Ahmed Djoghlaf, the executive co-ordinator of the GEF - a subsidiary of the
Nairobi-based U.N. Environment Programme (UNEP) -- said the funds would be
disbursed within the next two years.
Starting in July, the first beneficiaries -- Kenya, Botswana and Mali -- will
receive a total of 10 million dollars to revive degraded rangelands. ''The
project will focus on the rehabilitation of indigenous vegetation in the arid
regions of Botswana, Kenya and Mali,'' said Djoghlaf.
The overall objective of a three-million-dollar project in Botswana is to
facilitate community management of trans-border resources in the Kalahari-Namib
ecosystem. The project is expected to enhance sub-regional co-operation between
Botswana, Namibia and Zambia in carrying out coordinated actions and management
strategies to address the problem of land degradation in trans-boundary
rangeland and pastoral areas, including biodiversity loss.
According to Djoghlaf, the GEF will also address cross-border land degradation
issues in Mauritania and Senegal, which are among the African countries most
affected by desertification.
The project, which is estimated to cost 12.3 million dollars, will be
implemented over a period of five years. ''It will aim at addressing the root
causes of biodiversity loss from land degradation in five critical ecosystems,
encompassing a 60,000-km square portion of the trans-border Senegal River
Valley in Senegal and Mauritania,'' he said.

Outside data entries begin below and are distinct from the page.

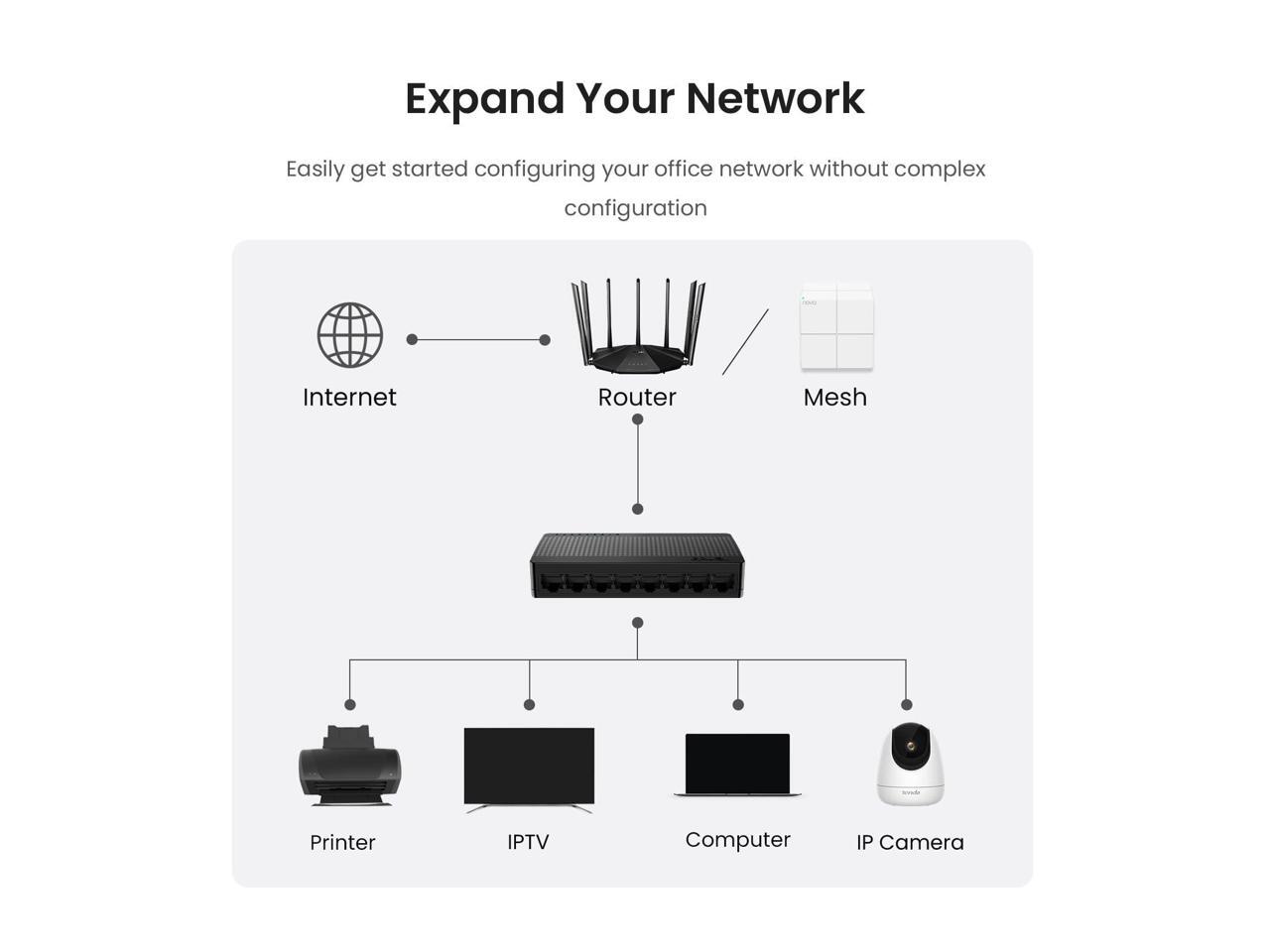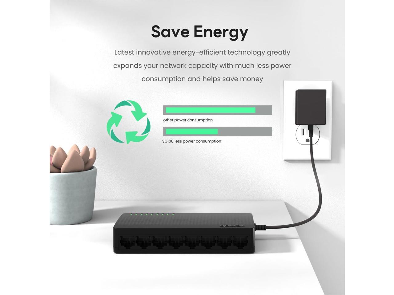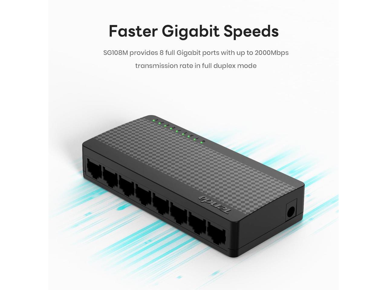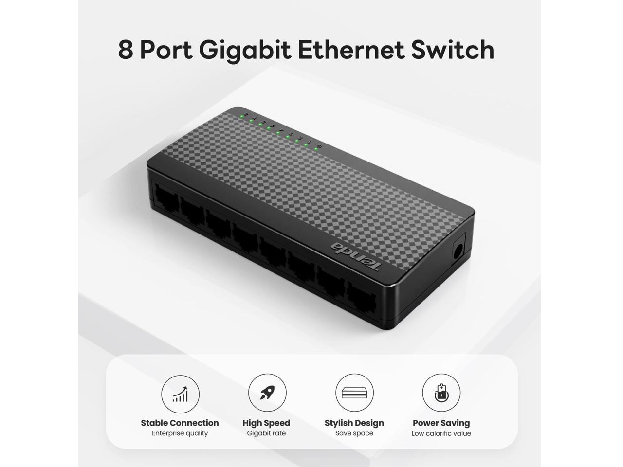 Tenda 8-Port Gigabit Ethernet Switch - 8 Ports - Gigabit Ethernet - 10/100/1000Base-T - 2 Layer Supported - Twisted Pair - Wall Mountable, Desktop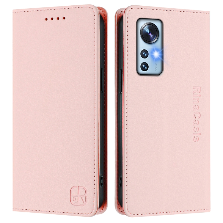Funda de Cuero con Doble Pliegue y Succión Magnética para Xiaomi 12 5G / 12X 5G / 12S 5G Rc01 (Rosa)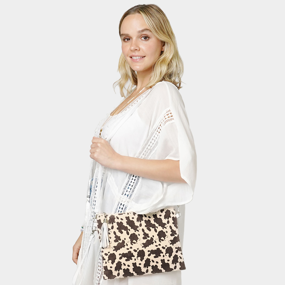 Cow Patterned Wristlet Clutch / Crossbody Bag

A total of 2.5 million dollars has been set aside to assist 10 African
countries -- Tanzania, Zambia, Uganda, Mozambique, Zimbabwe, Burkina Faso,
Benin, Niger, Mauritania and Senegal - in the preparation of their national
strategies, plans or programmes for the implemetation of the UN Convention on
Biological Diversity.
Desertification affects one sixth of the world's population and 70 percent of
all dry lands or 3.6 billion hectares - a quarter of the total land area of the
world.
''In Africa, the impact of desertification is particularly acute. It threatens
the lives of millions of people and seriously affects more than 39 percent of
the total area of the continent,'' said Djoghlaf.
Indigenous vegetation on rangelands is the primary resource of the pastoral
economy in arid and semi-arid regions of Africa. How the vegetation is managed
is vital for the survival of the people in these regions.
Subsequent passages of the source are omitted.